PROBLEM DESCRIPTION: Beneath this instruction is a listing; print exactly the lines in it starting at the line that contains "Comaptible Welch Allyn" and going through the line that contains "Earlier, M.Des Fashion".

RECORDED DATA:
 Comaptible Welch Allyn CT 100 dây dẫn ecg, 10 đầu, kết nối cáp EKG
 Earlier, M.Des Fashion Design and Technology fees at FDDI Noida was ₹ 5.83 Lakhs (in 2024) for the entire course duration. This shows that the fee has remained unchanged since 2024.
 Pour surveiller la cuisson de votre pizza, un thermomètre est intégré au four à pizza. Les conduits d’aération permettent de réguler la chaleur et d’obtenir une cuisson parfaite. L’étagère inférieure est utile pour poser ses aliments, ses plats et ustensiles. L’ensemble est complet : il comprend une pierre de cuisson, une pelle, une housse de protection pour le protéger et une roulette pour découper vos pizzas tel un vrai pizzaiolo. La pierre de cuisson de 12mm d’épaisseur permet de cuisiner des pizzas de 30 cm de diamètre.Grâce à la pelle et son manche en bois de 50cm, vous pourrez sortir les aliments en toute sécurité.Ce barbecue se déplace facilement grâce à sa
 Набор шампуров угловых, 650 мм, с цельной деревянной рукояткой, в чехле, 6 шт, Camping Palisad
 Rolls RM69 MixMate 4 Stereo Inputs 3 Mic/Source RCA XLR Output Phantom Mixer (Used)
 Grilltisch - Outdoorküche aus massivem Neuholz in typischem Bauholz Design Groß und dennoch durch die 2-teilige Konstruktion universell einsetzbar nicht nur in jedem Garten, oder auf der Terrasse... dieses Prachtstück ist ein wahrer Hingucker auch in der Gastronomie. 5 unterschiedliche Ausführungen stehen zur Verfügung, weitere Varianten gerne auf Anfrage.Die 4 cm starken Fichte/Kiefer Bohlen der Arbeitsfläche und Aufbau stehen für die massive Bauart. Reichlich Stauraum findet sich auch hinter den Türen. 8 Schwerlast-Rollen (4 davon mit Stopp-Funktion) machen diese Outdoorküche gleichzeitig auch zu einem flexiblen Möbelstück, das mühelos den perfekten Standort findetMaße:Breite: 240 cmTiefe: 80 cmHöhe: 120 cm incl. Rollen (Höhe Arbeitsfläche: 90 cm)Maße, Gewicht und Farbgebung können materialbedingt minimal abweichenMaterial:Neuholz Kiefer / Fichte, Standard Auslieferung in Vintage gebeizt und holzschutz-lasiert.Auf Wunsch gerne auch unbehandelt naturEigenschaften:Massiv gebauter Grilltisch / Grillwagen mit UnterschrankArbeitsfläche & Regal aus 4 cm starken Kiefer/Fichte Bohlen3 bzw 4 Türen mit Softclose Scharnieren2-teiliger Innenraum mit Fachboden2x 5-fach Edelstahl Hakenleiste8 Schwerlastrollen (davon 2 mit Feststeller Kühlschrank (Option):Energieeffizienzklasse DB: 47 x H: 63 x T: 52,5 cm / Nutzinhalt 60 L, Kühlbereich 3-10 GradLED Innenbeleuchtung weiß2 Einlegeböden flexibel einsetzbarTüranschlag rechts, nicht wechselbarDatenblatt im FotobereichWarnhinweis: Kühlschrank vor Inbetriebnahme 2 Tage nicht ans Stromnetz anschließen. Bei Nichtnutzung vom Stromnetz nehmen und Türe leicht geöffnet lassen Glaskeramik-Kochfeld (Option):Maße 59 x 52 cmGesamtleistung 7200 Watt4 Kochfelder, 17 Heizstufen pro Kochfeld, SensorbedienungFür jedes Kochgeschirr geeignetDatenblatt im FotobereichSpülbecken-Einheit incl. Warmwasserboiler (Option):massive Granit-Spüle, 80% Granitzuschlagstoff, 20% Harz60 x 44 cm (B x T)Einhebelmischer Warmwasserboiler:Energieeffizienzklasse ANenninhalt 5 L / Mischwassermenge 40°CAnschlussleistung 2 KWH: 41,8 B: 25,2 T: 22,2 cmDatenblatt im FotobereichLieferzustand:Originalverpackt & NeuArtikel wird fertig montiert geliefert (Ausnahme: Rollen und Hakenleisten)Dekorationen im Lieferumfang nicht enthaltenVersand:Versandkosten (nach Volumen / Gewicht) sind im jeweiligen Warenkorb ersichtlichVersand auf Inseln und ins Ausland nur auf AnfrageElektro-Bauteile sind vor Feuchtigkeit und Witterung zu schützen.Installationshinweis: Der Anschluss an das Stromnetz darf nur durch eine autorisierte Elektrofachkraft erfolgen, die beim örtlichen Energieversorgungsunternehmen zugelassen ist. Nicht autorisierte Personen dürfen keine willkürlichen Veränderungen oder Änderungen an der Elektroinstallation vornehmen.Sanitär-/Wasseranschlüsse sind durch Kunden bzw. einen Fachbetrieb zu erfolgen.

==

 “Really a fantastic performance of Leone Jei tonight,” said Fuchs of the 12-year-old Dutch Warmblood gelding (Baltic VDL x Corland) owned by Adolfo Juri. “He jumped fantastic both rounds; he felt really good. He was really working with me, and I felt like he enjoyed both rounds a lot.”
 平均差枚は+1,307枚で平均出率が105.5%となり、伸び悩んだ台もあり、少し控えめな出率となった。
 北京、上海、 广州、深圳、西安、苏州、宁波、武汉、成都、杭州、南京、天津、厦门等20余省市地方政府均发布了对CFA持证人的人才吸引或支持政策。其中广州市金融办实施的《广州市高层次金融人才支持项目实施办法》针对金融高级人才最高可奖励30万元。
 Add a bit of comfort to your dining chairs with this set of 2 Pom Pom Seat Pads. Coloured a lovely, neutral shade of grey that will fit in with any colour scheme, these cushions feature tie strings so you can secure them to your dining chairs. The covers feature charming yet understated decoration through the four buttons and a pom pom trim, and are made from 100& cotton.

TASK OUTPUT:
 Comaptible Welch Allyn CT 100 dây dẫn ecg, 10 đầu, kết nối cáp EKG
 Earlier, M.Des Fashion Design and Technology fees at FDDI Noida was ₹ 5.83 Lakhs (in 2024) for the entire course duration. This shows that the fee has remained unchanged since 2024.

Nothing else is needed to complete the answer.